Ao jornal “O Estado de S. Paulo”, o presidente nacional do PSB, Carlos Siqueira, afirmou que Molon tem a palavra final para decidir se será candidato ao Senado.

— Diferentemente do PT, no PSB o diretório estadual escolhe o candidato (ao Senado), não o nacional. No Rio, o Molon é o presidente e ele será candidato —disse ele.

Fogo amigo

No ato na Cinelândia, sem citar o nome do adversário, Ceciliano criticou “covardes” que deixaram o PT — Molon saiu do partido em 2015, no auge da Lava-Jato.

O formato do evento reforçou que o petista é o nome visto como prioritário da chapa. Ceciliano ficou no palco principal, junto com Lula, enquanto Molon estava em outro espaço. O impasse ganhou novos contornos nesta semana, após Freixo cobrar a desistência do correligionário em nome do cumprimento de um “acordo” e Molon retrucar dizendo que não há possibilidade de abdicar da disputa.

Ao ser anunciado, Molon dividiu a militância, que reagiu com vaias entre apoiadores de Ceciliano e gritos de apoio e aplausos entre os simpatizantes do pessebista.

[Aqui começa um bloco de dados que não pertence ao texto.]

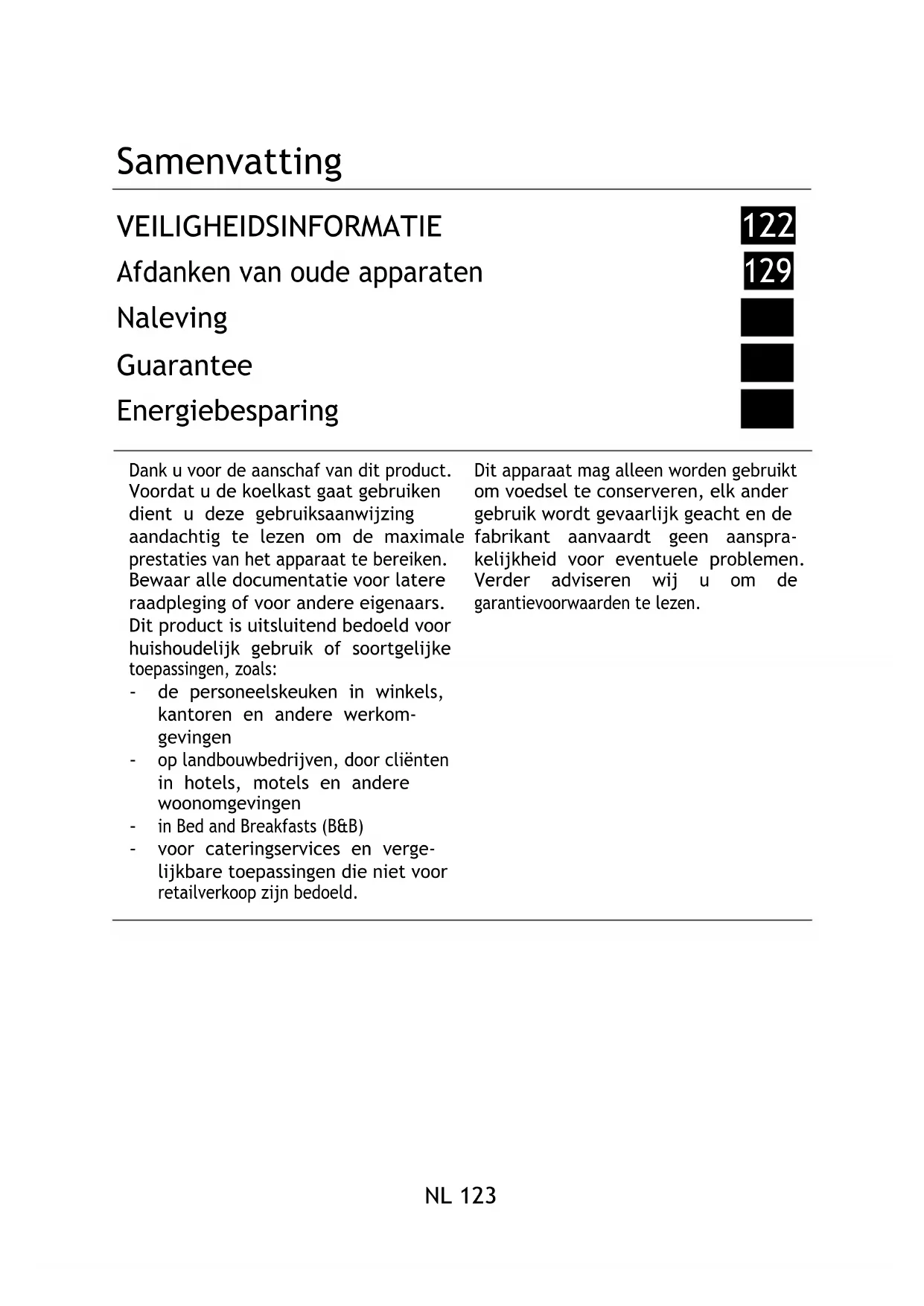 Naleving 129 Guarantee 129 Energiebesparing 130 Dank u voor de aanschaf van dit product. Voordat u de koelkast gaat gebruiken dient u deze gebruiksaanwijzing aandachtig te lezen om de maximale prestaties van het apparaat te bereiken. Bewaar alle documentatie voor latere raadpleging of voor andere eigenaars. Dit product is uitsluitend bedoeld voor huishoudelijk gebruik of soortgelijke toepassingen, zoals:
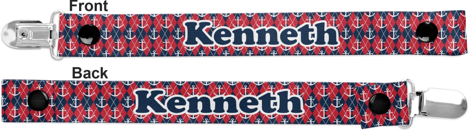 This personalized pacifier clip is the ideal size and measures at approximately 7.5 inches in length, when either end is snapped closed. On one end, you'll find a snap button. This button of your baby's pacifier holder is what can be attached to their pacifier to hold is securely in place. Simply open the snap, slip it through the pacifier opening, and snap it back into place. On the opposite end of this baby pacifier holder, you'll find a metal clip that can secure to a baby's collar or sleeve. This clip ensures that the strap stays in place, and that your baby's pacifier is always on hand.
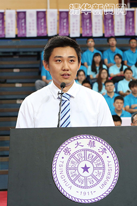 图为校研究生会主席、电机系2010级博士生吴锦鹏发言。记者 智斐 摄

Após falar da importância de eleger Lula e da unidade da esquerda para as eleições, Molon tratou da candidatura ao Senado. Com críticas ao senador Romário (PL), ele disse que o estado não pode continuar mal representado:

— Precisamos enfrentar e derrotar (o governador) Cláudio Castro (PL) sem conciliação e sem ambiguidades. E precisamos tirar do Senado um senador que nada fez pelo Rio. Quando era jogador de futebol, jogava parado mas fazia gol. Agora, jogar parado no Senado é ser omisso e preguiçoso. O Rio não merece continuar mal representado por Romário.

Enquanto ele discursava a militância petista cantava “Molon, eu não me engano, para senador é Ceciliano”.

O petista foi anunciado ao som de um jingle de campanha com o verso “Já está fechado, é Lula lá André aqui de novo”. Aplaudido pela militância petista, foi vaiado por apoiadores de Molon. Sem mencionar o pessebista, ele chamou de “covardes” aqueles que deixaram o PT em momentos difíceis.

— Quero ser um senador como foi Lindbergh (Farias), que não tirou o pé da bola dividida e estava lá em defesa da presidente Dilma Rousseff. Eu nunca saí do Partido dos Trabalhadores, mas os covardes saíram. Muitos covardes abandonaram o partido no momento mais difícil.

Ao discursar, Lula criticou o governo Bolsonaro pela volta da fome no país, pela alta dos preços dos combustíveis, e citou suspeitas de corrupção na atual gestão.